**What the exercise asks**: Everything in the listing below except the pictures should be reproduced exactly.

**Dataset section**:
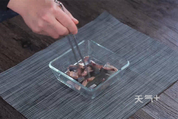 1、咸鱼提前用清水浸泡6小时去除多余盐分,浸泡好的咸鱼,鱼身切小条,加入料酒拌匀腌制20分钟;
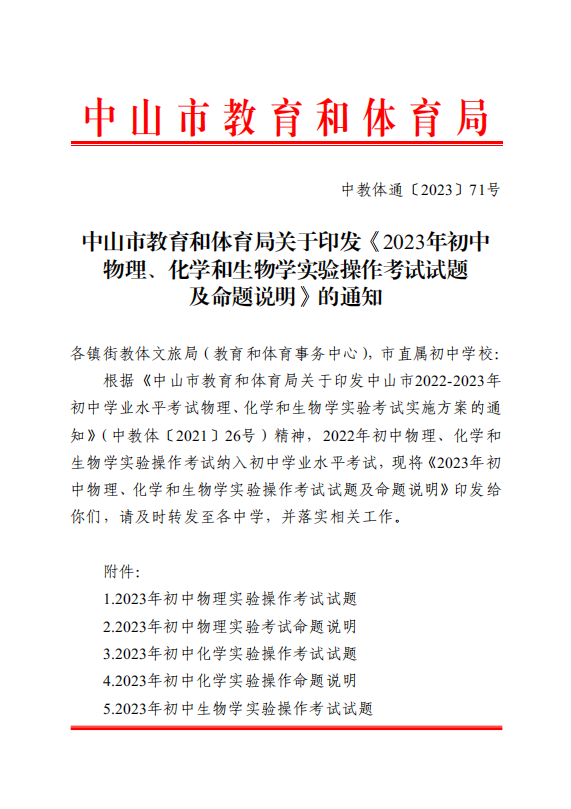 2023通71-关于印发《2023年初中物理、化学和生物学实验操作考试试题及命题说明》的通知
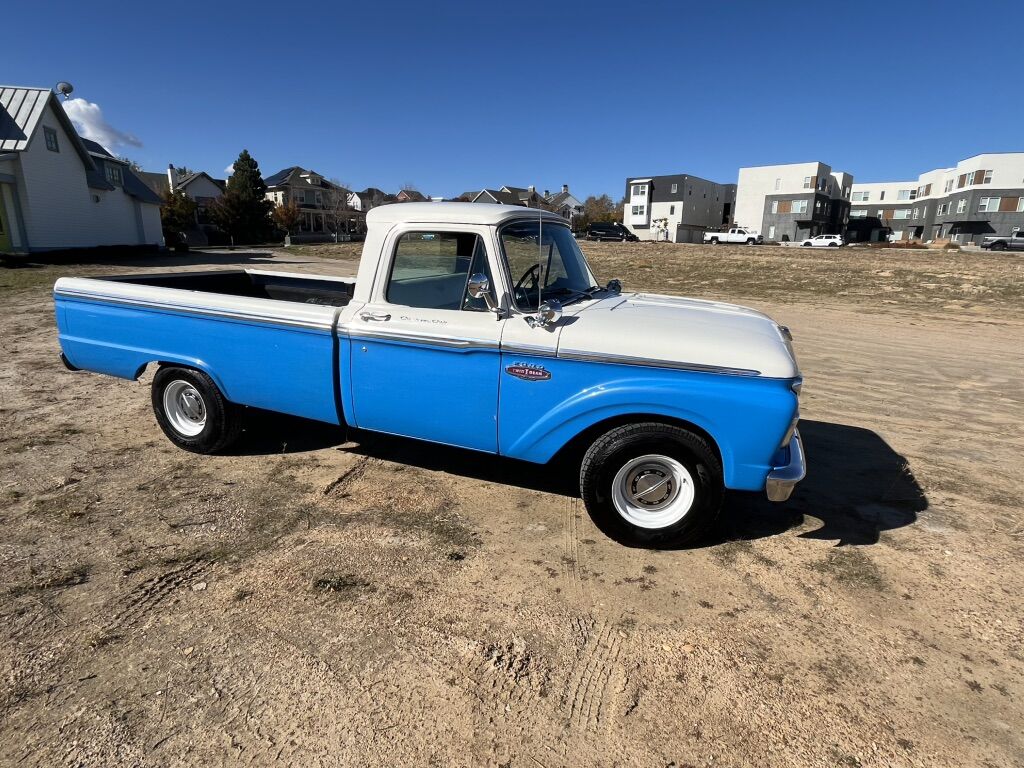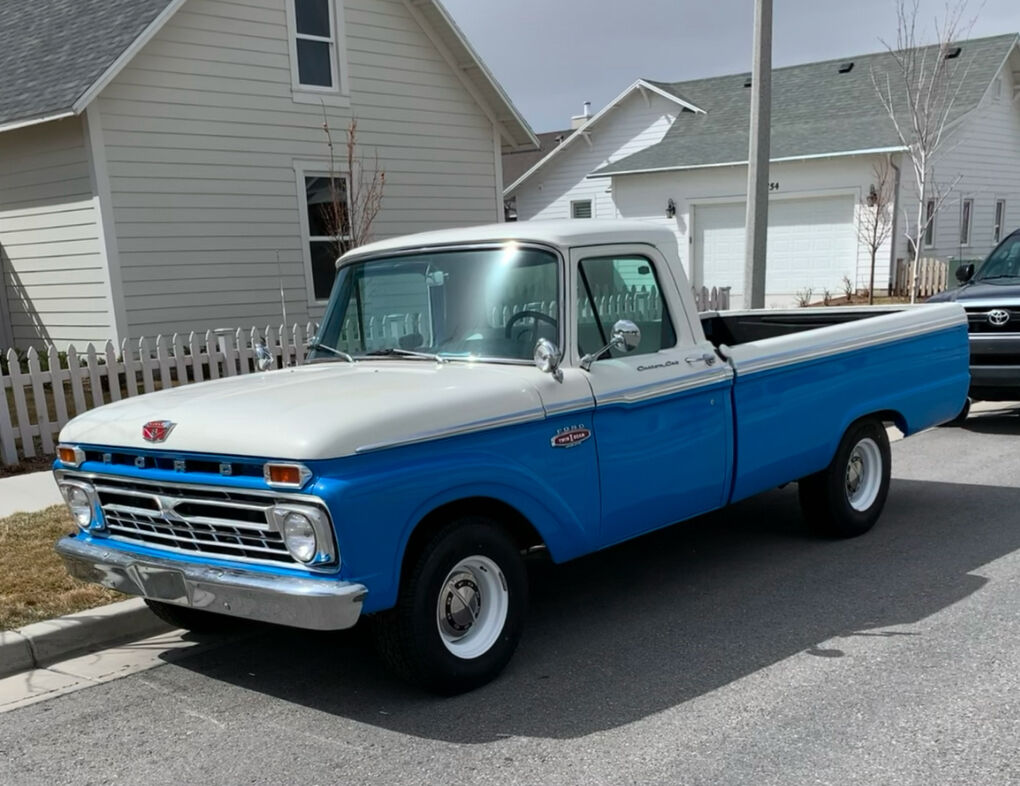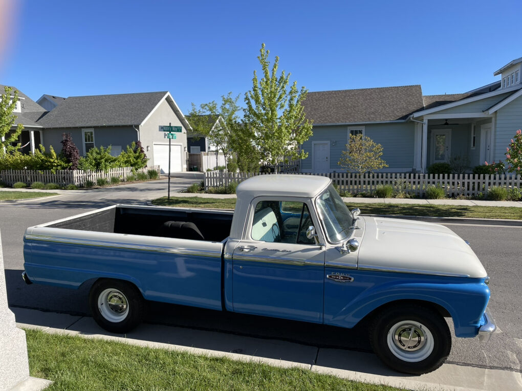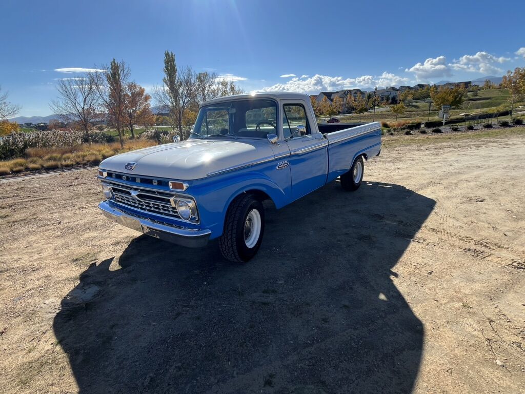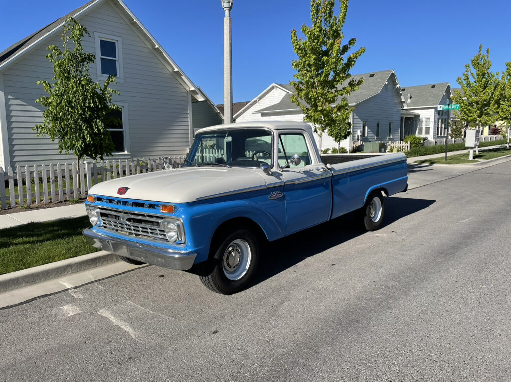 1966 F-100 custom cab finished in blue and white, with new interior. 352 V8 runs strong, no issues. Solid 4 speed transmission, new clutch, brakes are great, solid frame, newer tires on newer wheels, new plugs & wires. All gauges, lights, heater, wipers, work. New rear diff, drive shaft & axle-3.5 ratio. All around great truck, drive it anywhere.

**Reply**:
 1、咸鱼提前用清水浸泡6小时去除多余盐分,浸泡好的咸鱼,鱼身切小条,加入料酒拌匀腌制20分钟;
 2023通71-关于印发《2023年初中物理、化学和生物学实验操作考试试题及命题说明》的通知
 1966 F-100 custom cab finished in blue and white, with new interior. 352 V8 runs strong, no issues. Solid 4 speed transmission, new clutch, brakes are great, solid frame, newer tires on newer wheels, new plugs & wires. All gauges, lights, heater, wipers, work. New rear diff, drive shaft & axle-3.5 ratio. All around great truck, drive it anywhere.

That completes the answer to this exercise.